CHAFFEE, MO (KFVS) - The Chaffee Industrial Arts Big Furious George robotics team is going to the FIRST World Championship in St. Louis in late April.
The robotics team said they feel their hard work has paid off and they are excited to compete against 30,000 students that represent teams from 39 different countries.
"It's going to take a lot of us coming together, working together a lot," senior Cody Pepple said. "The whole experience is you're always working on the robot and building it. Once you get to the tournament, it's a whole new game."
The team members feel robotics is more than just competing. They have learned a lot from working on their robot and said they found out a new way of life because of this program.
"Whenever I first got into high school, I didn't know what I wanted to do at all," senior Austin Dirnberger said. "But once I got into the robotics program, I got to tinker with different aspects of it and I found out exactly what I wanted to do, what college I wanted to go to, what career I wanted. Now I have a full plan for my life."
When it comes to building the robots, students feel that teamwork is something that is very important for making everything run smoothly.
"A lot of the times we practice driving and we work on our coding for the robot to make it better and always improving it," sophomore Regan Swain said.
In working together, these students felt it boosts life skills as well.
"It improves your problem solving skills, your ability to work in teams and other people. It just helps in all those aspects," Dirnberger added.
While students work together to build these robots and get ready for competition, they said a surprising result of working together was forming bonds and friendships along the way.
"Robotics really just brings you closer to people that you never really would have talked to before," Dirnberger said. "It makes friendships that last a very long time."

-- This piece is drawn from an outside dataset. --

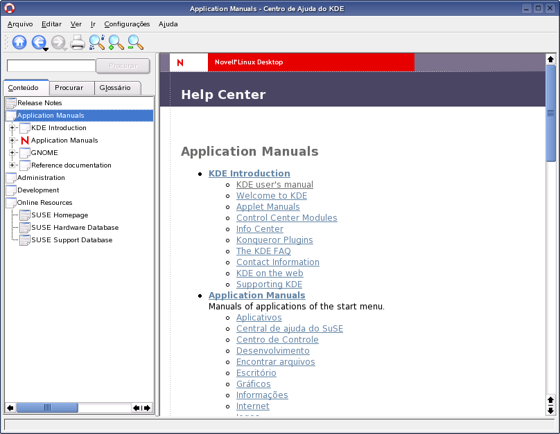 O NLD inclui um Centro de Ajuda, que contém os guias do usuário do NLD, todas as fontes de informação disponíveis para a sua estação de trabalho e a Ajuda online para os programas instalados.O Centro de Ajuda também oferece acesso a páginas de manuais (man) e informações (info) associadas a programas de linha de comando, bem como o acesso à Ajuda de programas gráficos.Para acessar as páginas de manuais e informações, selecione Ajuda > Manual do Usuário no painel de menus e clique nos respectivos links sob o cabeçalho Documentos Adicionais.

Sophomore Trenton Gramlisch said this not only helps him locally making new friendships but this world competition could spark new friendships with other students from other countries.
"It's just really a great life experience," Gramlisch said. "You get to meet other people from other countries and get to know what they're doing and how they do stuff where they live."
The students have already sent off their robot for the competition and said they are ready to go.
"We might fix a few things at the competition but for now it's pretty good," Swain said.
The Chaffee, Missouri robotics team is no stranger to these competitions.
They have competed in many throughout the years including winning at the 2012 and 2015 FIRST Robotics Competition in St. Louis.
Even though they have won several awards, they still feel like many don't know what it's all about but they said they hope it is growing in popularity.
"Sometimes people aren't aware of what we do here because it's almost next level," Swain explained.
The students do feel like more people are understanding what the robotics team does and said they have a lot of support.
"I think it is becoming more known because last year we made it to worlds and this year we're going to worlds. So we are getting out there and people are hearing about us and it's great," sophomore Kari Pepple said.
Students even have stepped up efforts to spread awareness of what they do, which includes going out into the community to educate people and collect donations for their trip as well.
As part of their trip, they have to raise $5,000 for just their registration fee. That doesn't include hotel rooms, food and other expenses. Right now they are sitting at around $2,500 but hope to collect enough donations to be able to go in time for the competition.
Overall, the students are excited about the opportunity and are ready to compete with the rest of the world.
"It's pretty crazy," Cody Pepple said. "I'm ready for it. I've been wanting to get there for about six years now and I'm finally there."
A robotics team from Scott City, Mo., The Other Guys, also competed in the World Championship in St. Louis.